曹欣很認真道“習醫治病,最重要的就是對人體要足夠的了解,才能隨時發現器官有任何不對的地方,從而進行醫治。荀先生,這很正常。”
曹欣說完,又將自己畫的人體內臟血管分布圖拿出來,從前畫過,被阿父拿走,結果被華師傅臨摹了無數遍,后來曹欣就給自己重新畫了。
荀彧一直是知道女公子醫術好的,他也學過一手,起碼如何在自己身上捅幾刀不致命的事情,他早就做過,但從未想過她真的學的這么深入。
“女公子,在你眼中,大漢是什么”荀彧沉思了片刻,突然開口問。
曹欣皺著眉頭思索了好一會兒,才回道“我對大漢的感情并不深,但是我知道大漢的子民是我的家人,無論什么民族,無論住在北方還是南方,我們都是炎黃子孫,華夏后裔。

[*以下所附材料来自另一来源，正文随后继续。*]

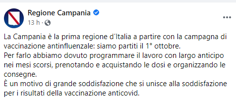 Questo il post pubblicato sulla pagina Facebook 'Regione Campania': "La Campania è la prima regione d’Italia a partire con la campagna di vaccinazione antinfluenzale: siamo partiti il 1° ottobre. Per farlo - si legge nel post - abbiamo dovuto programmare il lavoro con largo anticipo nei mesi scorsi, prenotando e acquistando le dosi e organizzando le consegne. È un motivo di grande soddisfazione - prosegue il post - che si unisce alla soddisfazione per i risultati della vaccinazione anticovid".

我想要我們團結在一起,哪怕會有爭執,別扭,打鬧不管誰當家,但是家人都不能也絕不會分開。”
炎黃子孫,華夏后裔荀彧捏著茶碗的手都頓住了,良久才說了一個字“好。”
女公子眼中比主公公更沒有門第之別。荀彧是知道。但因為她真心地說出了家字,讓荀彧再看向她的眼中充滿了敬意。
如果一個這樣的家長來守護自己的家人,大漢的未來會如何
荀彧的到來,很大程度的解放了曹欣,但是荀彧并不是全權負責,而是將曹欣從前處理的不錯且熟練的事情接過去,將她還不是很熟悉的政務,手把手教她處理。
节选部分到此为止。